[Provided records]
•••

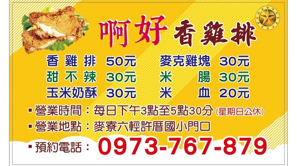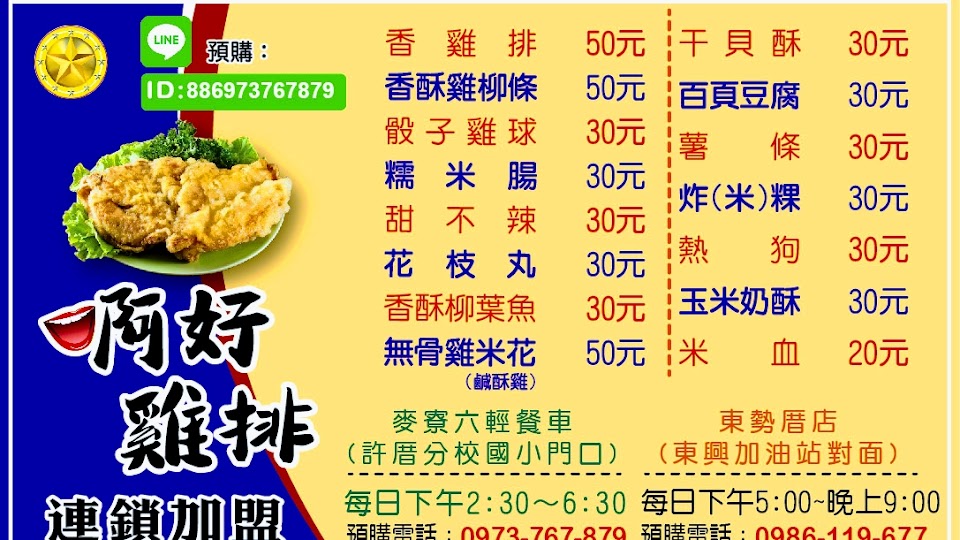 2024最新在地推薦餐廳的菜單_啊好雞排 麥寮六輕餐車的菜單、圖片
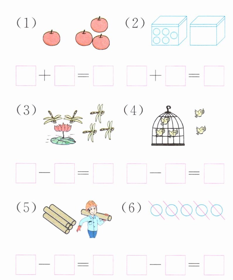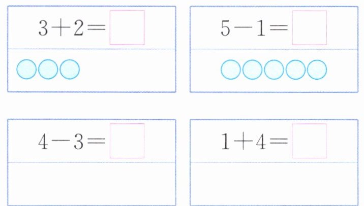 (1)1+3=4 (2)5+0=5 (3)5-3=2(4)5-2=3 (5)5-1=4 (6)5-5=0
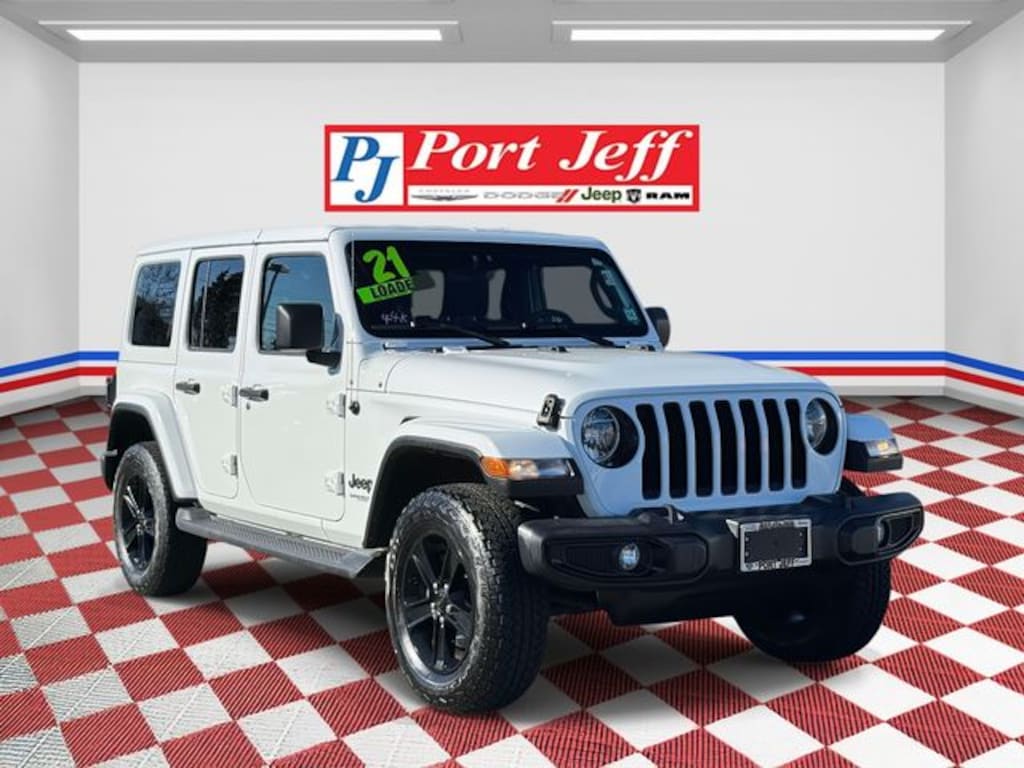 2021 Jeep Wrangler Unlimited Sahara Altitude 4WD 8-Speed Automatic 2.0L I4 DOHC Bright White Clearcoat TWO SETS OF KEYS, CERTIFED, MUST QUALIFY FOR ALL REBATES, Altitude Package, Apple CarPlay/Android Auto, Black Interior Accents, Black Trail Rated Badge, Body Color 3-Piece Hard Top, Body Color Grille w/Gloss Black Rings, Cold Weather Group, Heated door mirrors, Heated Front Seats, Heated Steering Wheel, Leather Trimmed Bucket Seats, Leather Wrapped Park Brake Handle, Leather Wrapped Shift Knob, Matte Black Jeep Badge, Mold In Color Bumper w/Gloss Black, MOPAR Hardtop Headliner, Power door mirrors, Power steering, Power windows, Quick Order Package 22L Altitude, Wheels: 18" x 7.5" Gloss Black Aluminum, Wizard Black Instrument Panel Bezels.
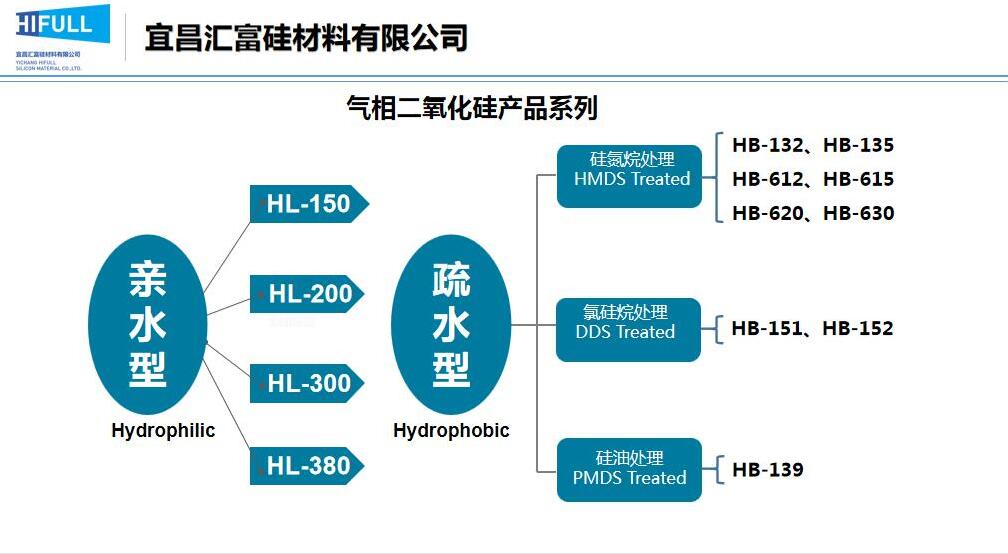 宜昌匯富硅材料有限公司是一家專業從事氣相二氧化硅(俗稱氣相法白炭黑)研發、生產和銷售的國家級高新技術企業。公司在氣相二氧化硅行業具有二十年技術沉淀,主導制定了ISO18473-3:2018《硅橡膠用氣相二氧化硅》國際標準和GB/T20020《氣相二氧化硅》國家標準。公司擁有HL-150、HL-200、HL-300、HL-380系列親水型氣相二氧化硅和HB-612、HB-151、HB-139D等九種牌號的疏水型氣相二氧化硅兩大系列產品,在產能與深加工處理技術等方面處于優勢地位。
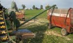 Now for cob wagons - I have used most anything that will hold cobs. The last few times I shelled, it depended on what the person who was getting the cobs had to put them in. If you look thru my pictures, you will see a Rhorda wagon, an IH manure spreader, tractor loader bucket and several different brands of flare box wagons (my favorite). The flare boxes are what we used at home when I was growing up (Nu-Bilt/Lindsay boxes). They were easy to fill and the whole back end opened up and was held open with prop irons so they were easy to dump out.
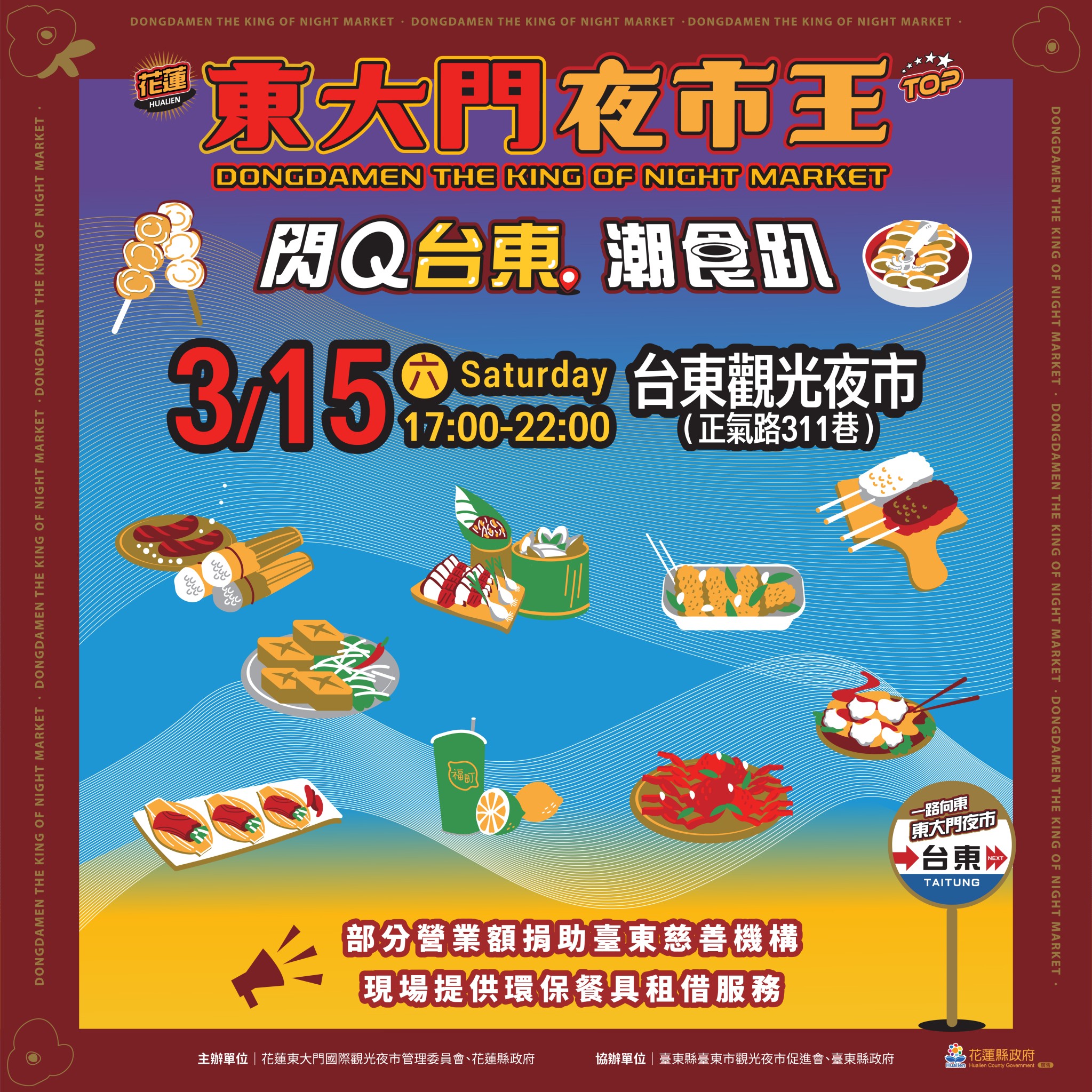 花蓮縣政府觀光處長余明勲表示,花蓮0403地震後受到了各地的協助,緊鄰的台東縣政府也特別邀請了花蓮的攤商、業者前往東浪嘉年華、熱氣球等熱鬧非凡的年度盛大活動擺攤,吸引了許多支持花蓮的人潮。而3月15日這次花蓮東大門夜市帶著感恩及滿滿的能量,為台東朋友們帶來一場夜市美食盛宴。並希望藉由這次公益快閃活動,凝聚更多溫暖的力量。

•••

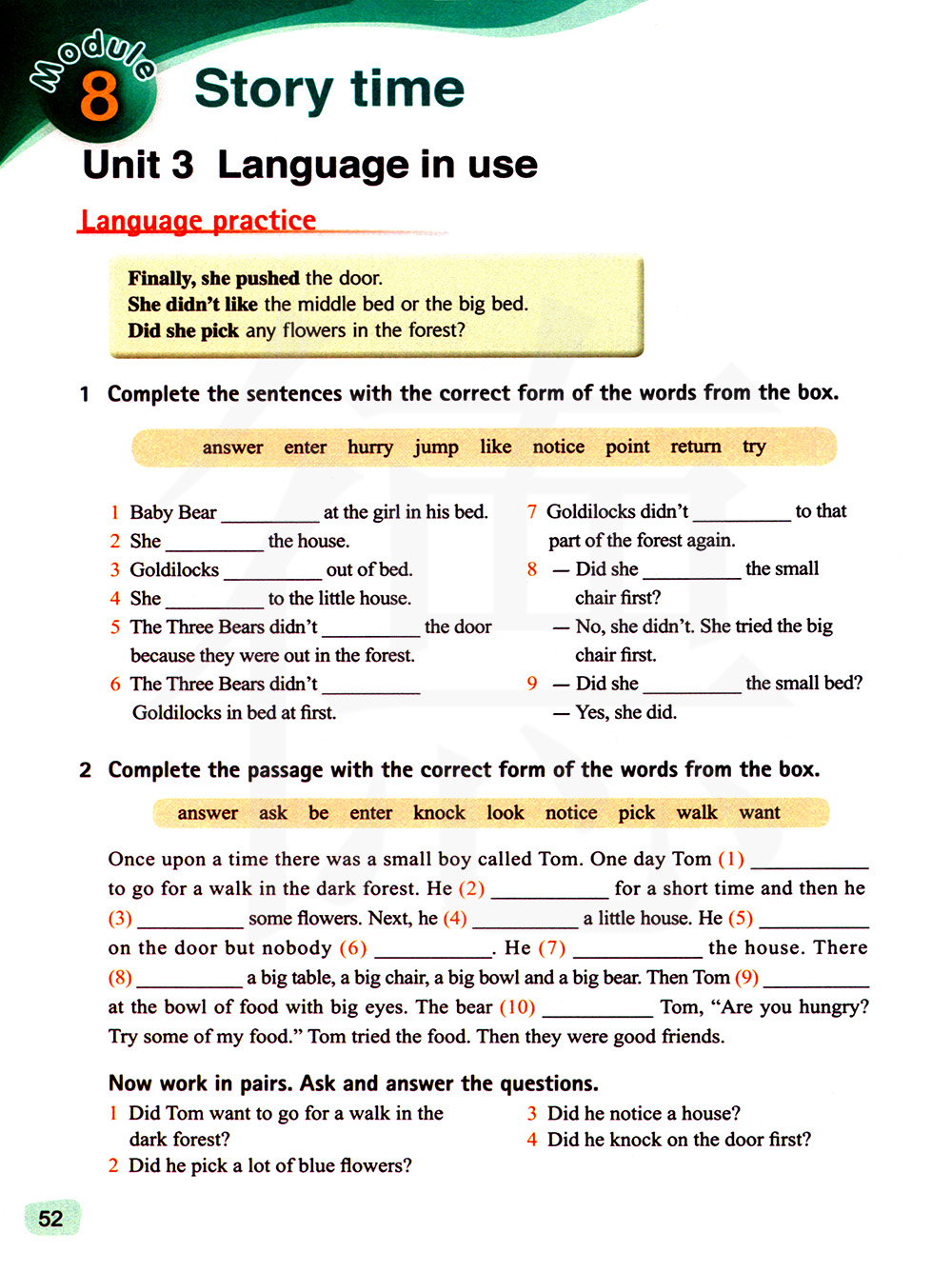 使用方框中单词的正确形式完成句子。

•••

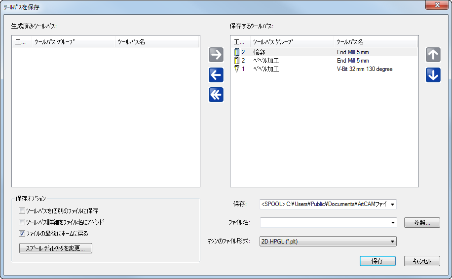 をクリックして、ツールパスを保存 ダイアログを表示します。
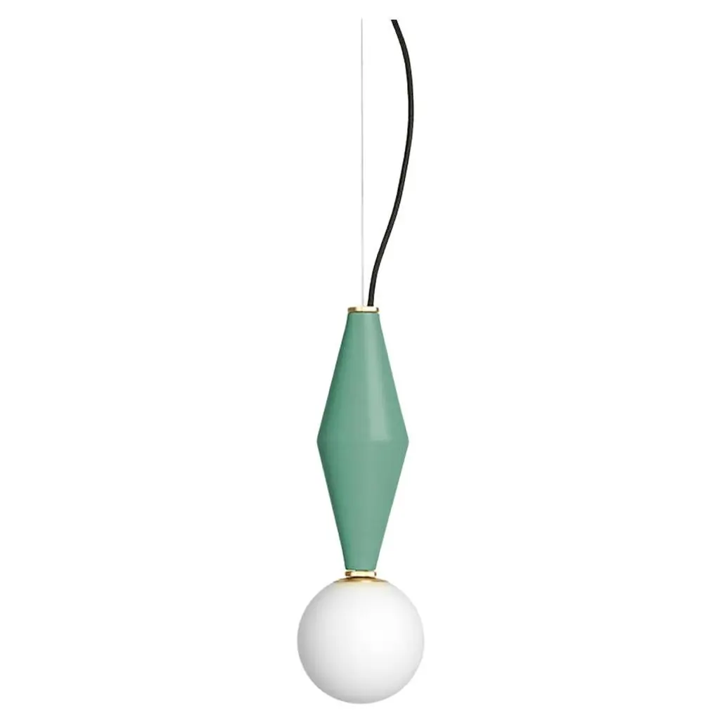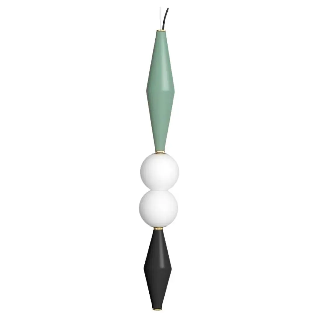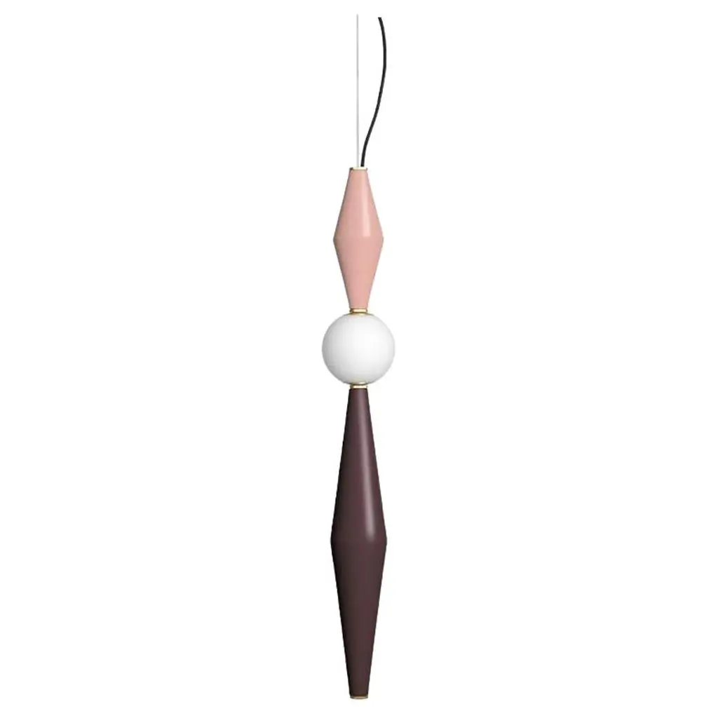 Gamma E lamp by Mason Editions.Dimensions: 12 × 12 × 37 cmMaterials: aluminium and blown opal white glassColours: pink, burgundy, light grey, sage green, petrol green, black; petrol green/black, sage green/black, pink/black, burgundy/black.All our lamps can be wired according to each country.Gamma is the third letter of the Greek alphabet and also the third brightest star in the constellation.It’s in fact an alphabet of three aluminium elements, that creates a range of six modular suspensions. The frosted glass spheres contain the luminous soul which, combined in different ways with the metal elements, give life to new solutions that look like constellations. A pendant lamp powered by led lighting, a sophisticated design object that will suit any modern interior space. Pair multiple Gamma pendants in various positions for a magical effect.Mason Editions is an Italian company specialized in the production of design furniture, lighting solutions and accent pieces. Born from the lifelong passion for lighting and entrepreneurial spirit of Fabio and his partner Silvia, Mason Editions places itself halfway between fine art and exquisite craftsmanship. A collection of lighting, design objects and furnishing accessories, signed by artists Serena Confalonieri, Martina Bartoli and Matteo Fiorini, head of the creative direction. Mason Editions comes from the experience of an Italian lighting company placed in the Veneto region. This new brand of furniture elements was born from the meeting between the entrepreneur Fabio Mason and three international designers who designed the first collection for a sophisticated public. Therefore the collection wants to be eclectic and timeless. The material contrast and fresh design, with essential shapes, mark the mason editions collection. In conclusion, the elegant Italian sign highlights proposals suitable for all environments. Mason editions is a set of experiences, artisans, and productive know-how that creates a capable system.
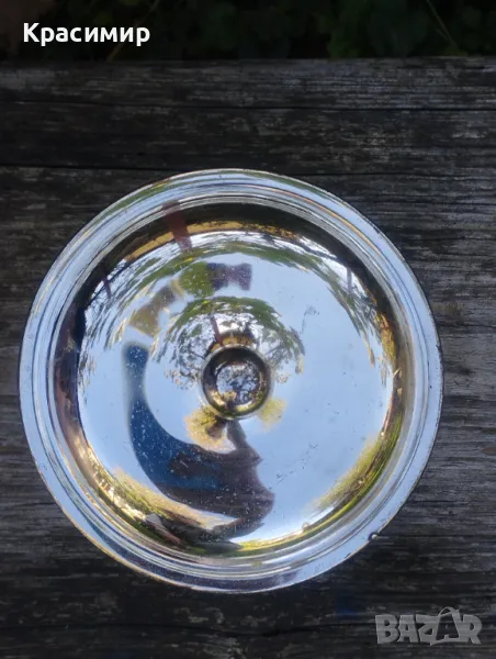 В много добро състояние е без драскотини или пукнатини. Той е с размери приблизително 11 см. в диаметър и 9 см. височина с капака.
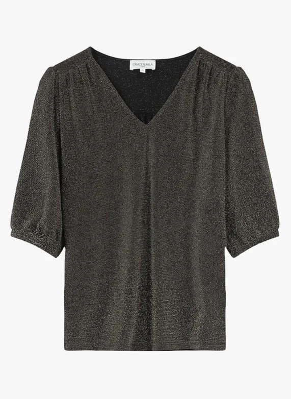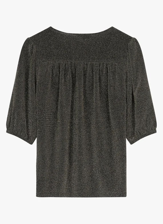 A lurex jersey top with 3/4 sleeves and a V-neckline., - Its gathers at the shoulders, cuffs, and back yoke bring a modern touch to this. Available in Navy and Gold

•••

[What you will do] In the entries above, find the line with "2024最新在地推薦餐廳的菜單_啊好雞排 麥寮六輕餐車的菜單、圖片" and the line with "(1)1+3=4 (2)5+0=5 (3)5-3=2(4)5-2=3". Return exactly those lines and all the ones between them, pictures excluded.

[Written solution]
 2024最新在地推薦餐廳的菜單_啊好雞排 麥寮六輕餐車的菜單、圖片
 (1)1+3=4 (2)5+0=5 (3)5-3=2(4)5-2=3 (5)5-1=4 (6)5-5=0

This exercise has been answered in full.